Aim: To build a robust forecasting solution that can fairly accurately predict future traffic condition on major intersections.

Projects

  1. Project 1: Generic Traffic Forecasting (At 1 Road Intersection) <!– 2. Project 2: Traffic Forecasting (At 4 Road Intersections): Coming soon
  2. Project 3: Traffic Forecast for City of Toronto (At Major Intersections): Coming soon –>

Jupyter Notebooks

  1. traffic_forecast_1.ipynb <!– 2. traffic_forecast_2.ipynb (coming soon): Built for the Project #2
  2. traffic_forecast_3.ipynb (coming soon): Built for the Project #3 –>

Metrics to Evaluate Models

  1. Mean Absolute Error (MAE) MAE measures the average magnitude of the errors in a set of predictions, without considering their direction. It’s the average over the test sample of the absolute differences between prediction and actual observation.

      \text{MAE} = \frac{1}{n} \sum_{i=1}^{n} |y_i - \hat{y}_i|
    
  2. Root Mean Squared Error (RMSE) RMSE is the square root of the mean squared error. It provides a measure of how spread out these residuals are, and it is in the same units as the target variable.

    \text{RMSE} = \sqrt{\frac{1}{n} \sum_{i=1}^{n} (y_i - \hat{y}_i)^2} 
    
  3. Mean Absolute Percentage Error (MAPE) MAPE measures the size of the error in terms of percentage. It is calculated as the average of the absolute percentage errors.

    \text{MAPE} = \frac{100}{n} \sum_{i=1}^{n} \left| \frac{y_i - \hat{y}_i}{y_i} \right| 
    

Project 1: Generic Traffic Forecasting (At 1 Road Intersection)

The Dataset #1

erDiagram
    TrafficTimeSeriesData{
        ID int
        Datetime Date
        Count int
    }

This dataset includes the following columns:

  1. ID: Primary key of the dataset (not required for the project)
  2. Datetime: Includes the date and time taken at an interval of every hour.
  3. Count: The number of cars at the particular date & time.

There are a total of 18,288 rows of data.

Assumptions

We do not have much information about the dataset - like how or where the data was collected.
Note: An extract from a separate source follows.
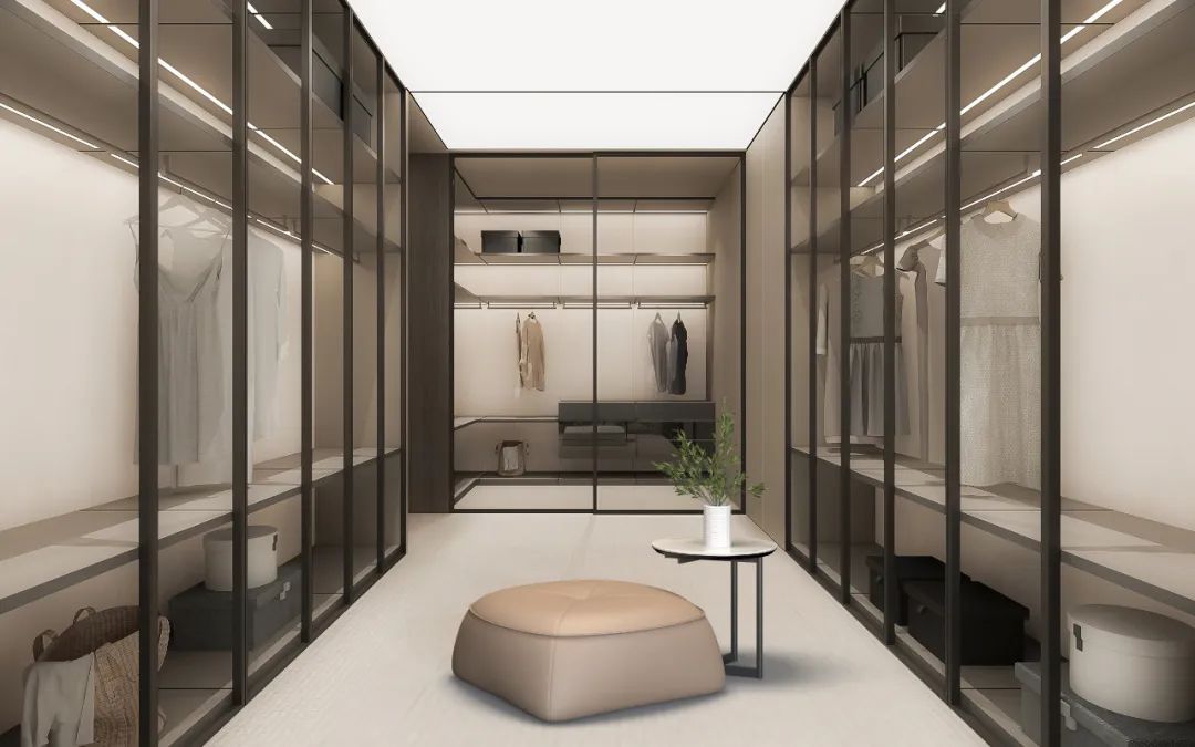 延續主臥的淡雅色調,淺茶褐色的衣帽間更具精致感,三面衣柜設計滿足收納需求,衣物合理懸掛分區,更顯秩序美感,便捷實用,給居主優雅生活。

Therefore we can assume that this is the data of the number of cars on the street at one particular road intersection over time.

Exploratory Data Analysis

Graph 1: Graph visualizing traffic over time for the entire dataset.

Graph visualizing traffic over time

Graph 2: Zoomed in visual of the monthly traffic in 2014.
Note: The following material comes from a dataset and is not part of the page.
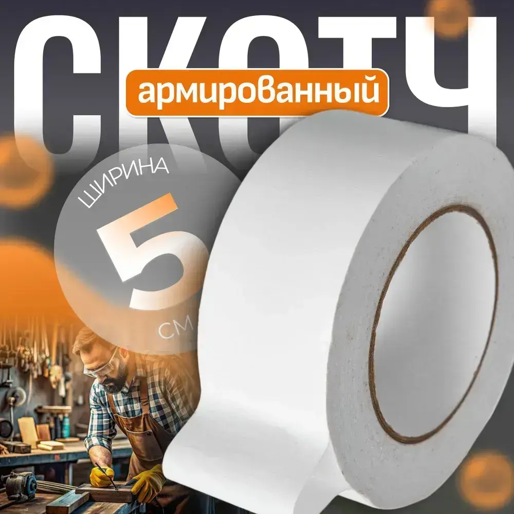 Скотч армированный / Армированный скотч белый / 5см 50м 1 шт

Zoomed in graph visualizing the monthly traffic for 2014

Graph 3: Zoomed in visual of the weekly traffic in August 2014.

Zoomed in graph visualizing the weekly traffic for September 2014

Graph 4: Zoomed in visual of the daily traffic for 1st Week of August 2014.
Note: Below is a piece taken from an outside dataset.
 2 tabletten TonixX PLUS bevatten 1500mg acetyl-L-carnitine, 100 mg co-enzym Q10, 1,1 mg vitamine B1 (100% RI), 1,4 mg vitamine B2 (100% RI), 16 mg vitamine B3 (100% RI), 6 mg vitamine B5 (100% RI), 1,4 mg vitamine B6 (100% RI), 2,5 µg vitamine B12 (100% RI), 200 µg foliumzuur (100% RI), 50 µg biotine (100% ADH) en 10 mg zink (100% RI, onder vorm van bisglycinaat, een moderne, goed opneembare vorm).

Zoomed in graph visualizing the daily traffic for 1st Week of September 2014

From the above graphs, we can see that:

  1. The dataset is not stationary i.e.:
    • From Graph 1 & 2, the mean, µ, is not constant across the entire graph - it looks like the mean is increasing.
    • From Graph 1 & 2, the variance, σ, is not constant across the entire graph - it looks like the variance is gradually increasing.
    • There is seasonality:
      • From Graph 3, we can see some weekly seasonality - Mon to Fri the peaks are usually a bit higher and the peaks on Sat & Sun are lower each week.
      • From Graph 4, we can also see some daily seasonality - there are high peaks, perhaps during rush hour, and low peaks, perhaps during off-peak times each day.

If we want to check whether this dataset exhibits stationarity apart from just looking at the graph, we can also use the Augmented Dickey-Fuller (ADF) statistical test.

Which Models Not to Try

Since the dataset exhibits non-stationarity we can’t use the following models (or more so, we shouldn’t directly try these models):

  • Linear Regression: As they assume linear relationship between variable(s).
  • Auto-Regressive/ Moving-Average/ ARMA/ ARIMA/ SARIMA models: when there is non-stationarity, these models may not capture underlying trends leading to incorrect forecasts.
  • K-Nearest Neighbor (KNN) Regression: if a datasets is non-stationary, the similarity between data points may not be meaningful, leading to poor forecasts.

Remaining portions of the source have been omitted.